Experence the future of scientific discovery today with PubCompare.ai.
This type of fat, which can accumulate due to various factors like diet, exercise, and genetics, has been the subject of extensive research for its role in health conditions like obesity, metabolic disorders, and cardiovascular disease.
Exploring the latest research on subcutaneous abdominal fat can provide valuable insights into its physiological and metabolic functions.
Researchers have utilized advanced techniques like FBS (Fetal Bovine Serum), Penicillin/streptomycin, Plasmocin, Collagenase type I, IPro2, Lunar iDXA, L-glutamine, α-MEM, Trypsin-EDTA, and DMEM/F12 to study the cellular and molecular mechanisms underlying the accumulation and distribution of this type of fat.
Understanding the factors that contribute to subcutaneous abdominal fat accumulation, such as diet, exercise, and genetic predisposition, can help develop effective strategies for weight management and disease prevention.
Researchers are also exploring the potential metabolic and endocrine roles of subcutaneous abdominal fat, which may have implications for conditions like type 2 diabetes, insulin resistance, and cardiovascular disease.

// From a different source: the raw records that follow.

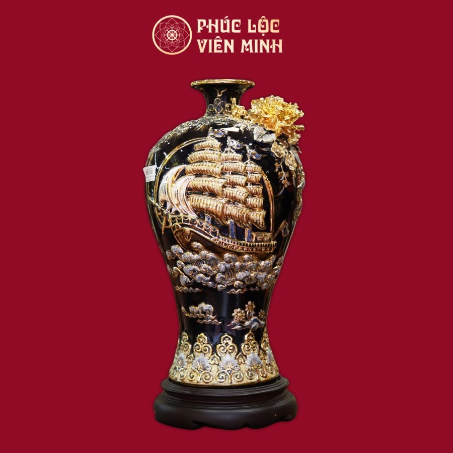Mai Bình Thuận Buồm Xuôi Gió Xanh Coban Vẽ Vàng Gốm Sứ Bát Tràng 45cm - Phúc Lộc Viên Minh
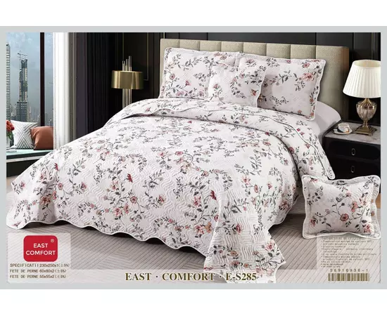 Cuvertura Pat din Bumbac este compusa din 5 piese si este realizata din bumbac 100%. Cuvertura de pat este rezistenta la spalari repetate. Pernele decorative creaza senzatia de confort si relaxare. Decoreaza dormitorul cu eleganta cuverturei de pat din bumbac.
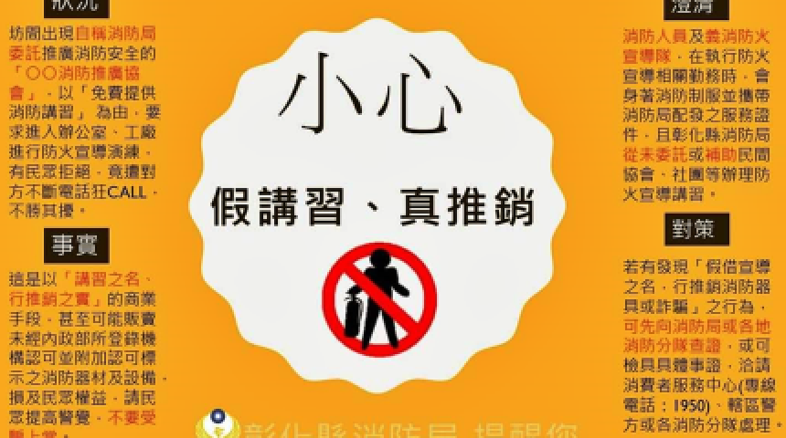 消防假講習真推銷 彰化縣消防局提醒民眾勿受騙上當
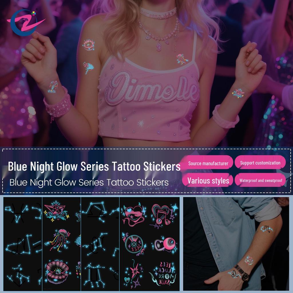 Blue Luminous Tattoo Stickers - Glowing Constellations for Music Festivals & Parties
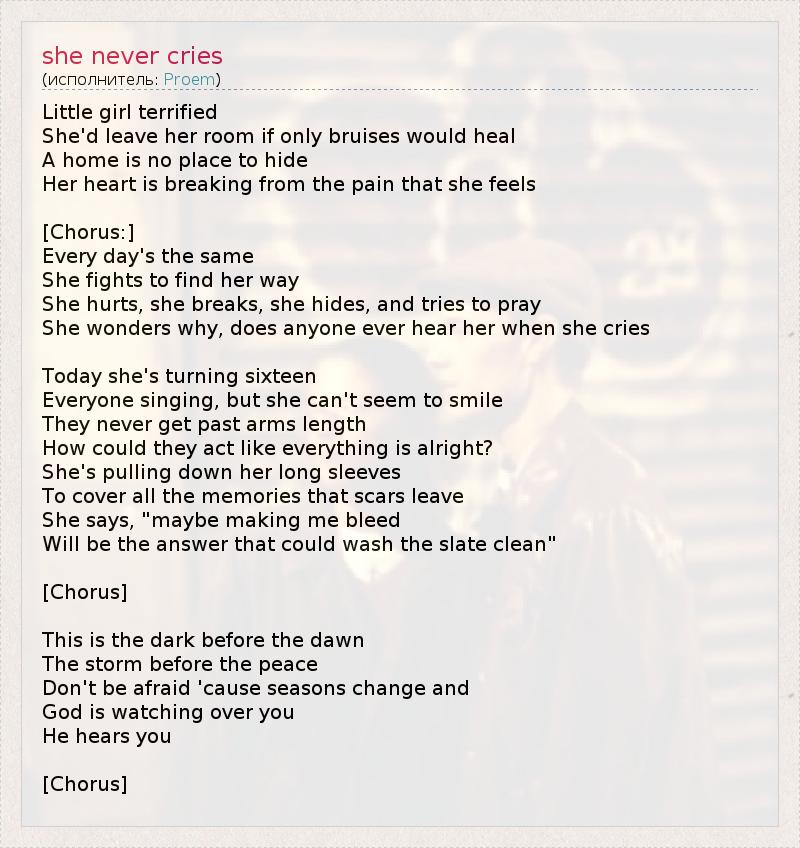 Ей больно, она сломлена, она скрывается, пытается молиться.
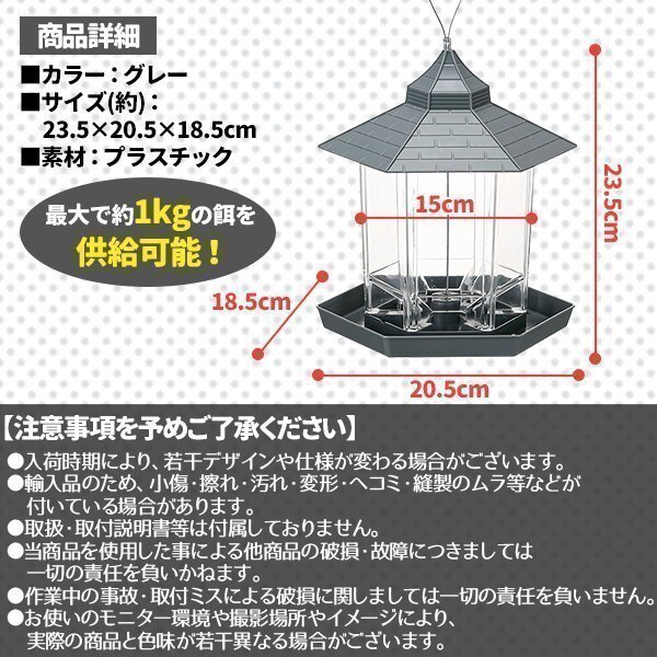バードフィーダー バードウォッチング 野鳥の餌台 鳥小屋 鳥かご 庭 ガーデン おしゃれ 野鳥 給餌器 餌台 餌場 えさ台 吊下げ グレー 小鳥

By optimizing research protocols and comparing results from the literature, preprints, and patents, PubCompare.ai's AI-powered tools can accelerate the pace of scientific discovery in the field of subcutaneous abdominal fat research, ultimately leading to improved understanding and better health outcomes.
Experence the future of scientific discovery today with PubCompare.ai.